A CTL panel is designed with mechanical rejection features that prevent installing more circuit breakers than the panel is rated for or designed to handle.

It contains rejection tabs or notches on the bus stab or breaker slots and allows only approved tandem (duplex) breakers in designated spaces. This feature was Introduced after the circuit limit rule in the NEC.

In simple terms, a CTL version of panel with special design prevents installing extra breakers beyond the panel’s listed circuit capacity. Thus, CTL breakers only fit in CTL-listed panelboards or load centers. Also, the panel itself prevents installing extra tandem/duplex breakers in non-approved slots. Hence, it ensures the maximum number of circuits specified by the manufacturer is not exceeded.

The purpose of CTL load center is to stop electricians from overcrowding the panel with additional circuits that could overload the busbars.

For example, a CTL electric panel might be labeled “20/30” which means 20 breaker spaces / 30 circuits. In this case, only certain spaces allow tandem breakers to reach a maximum of 30 circuits. If you try installing tandem breakers in non-approved slots, the rejection tab prevents it.

• Related Post: Difference Between Specified & Classified Circuit Breakers

How to Identify a CTL Panels & Breakers

If there is a breaker rejection notch, tab, plastic foot  on bus connection side, it is a CTL load center. This tab or notch prevents installation in non-approved slots of the panel. Moreover, in CTL load centers, panel label printed on it shows circuit limits and markings such as “CTL Type, CTL Class, CTL” or circuit capacity.
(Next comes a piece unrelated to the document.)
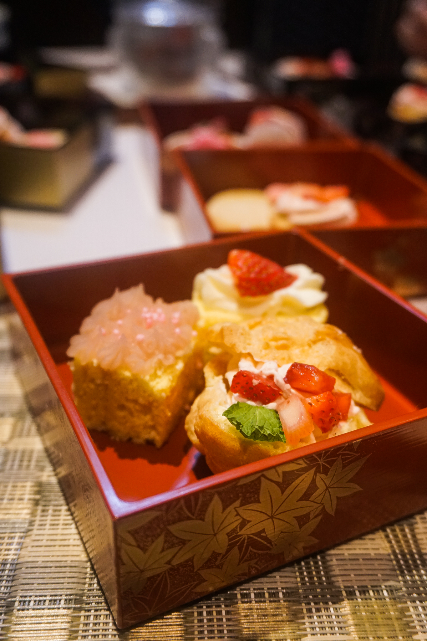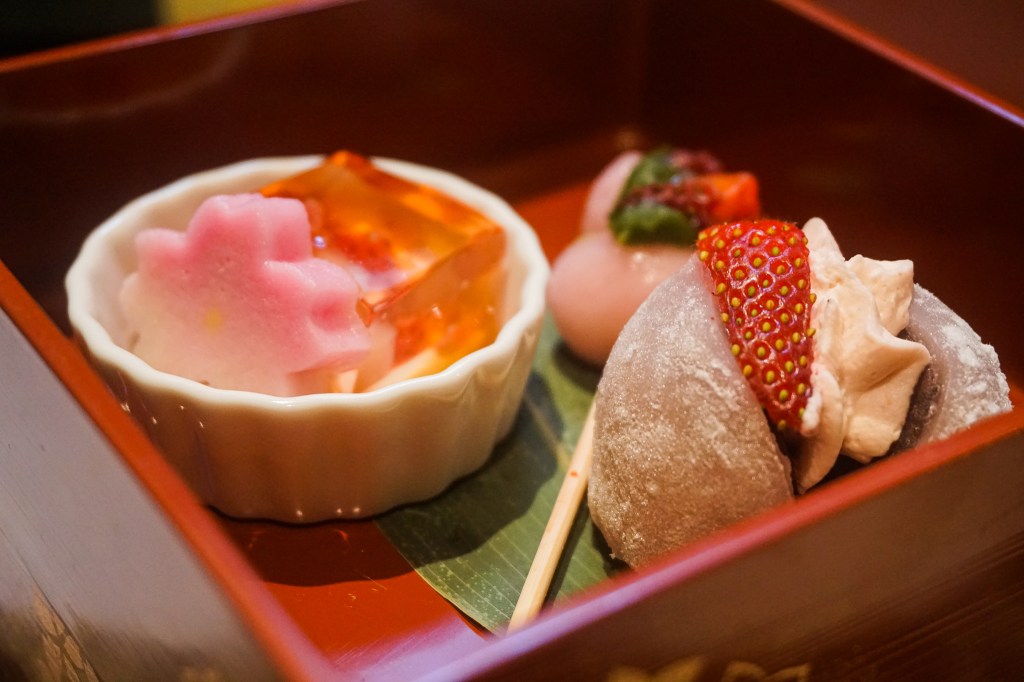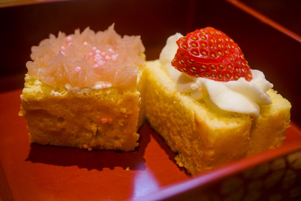 High tea takes place a floor above the tea house, and there are sittings on Friday and Sunday available throughout April and May. The tea on offer was a lightly-scented strawberry green tea, and the food service commenced with a tiered tower of savoury nibbles. These bites included open-faced sandwiches topped with coils of salmon and another smeared with sweet cream and embellished with strawberries. There were also inari sushi pillows jewelled with sliced tomatoes. The high tea stayed through to its Japanese roots in bypassing English scones, and with the dessert portion being presented in three beautifully-lacquered boxes. The desserts included sponge cakes layered with sakura paste, cream and strawberry slices, a puffy choux pastry, mochi desserts in the form of a ball, as well as skewered as dango, and a selection of butter biscuits.

Similarly, look inside the panel at the breaker slot where the breaker attaches to the bus stab. In CTL panels, some slots have rejection grooves or physical barriers. It means, tandem breakers only fit in specific spaces.

In addition, It can be identify by look at the panelboard nameplate label.

For example, if it says “20 Spaces / 30 Circuits”, it means 20 breaker slots. Only certain slots allow tandem breakers for maximum 30 circuits. If the panel enforces this limit physically, it is a CTL panel.

Non-CTL Breakers & Panels

A Non-CTL panel does not have circuit-limiting rejection features i.e. breaker slots do not restrict installing tandem breakers. In other words, more breakers can physically fit than the panel was originally designed for.

It means, all breakers can snap over the hot busbar and if overcrowded (use of more breakers than the designated numbers), it may cause overloading, overheating and hazardous fire.

Non-CTL was common in older panels manufactured before 1965–1968. Without CTL restrictions, people often installed too many circuits, leading to overloaded busbars, excessive heat and fire hazards.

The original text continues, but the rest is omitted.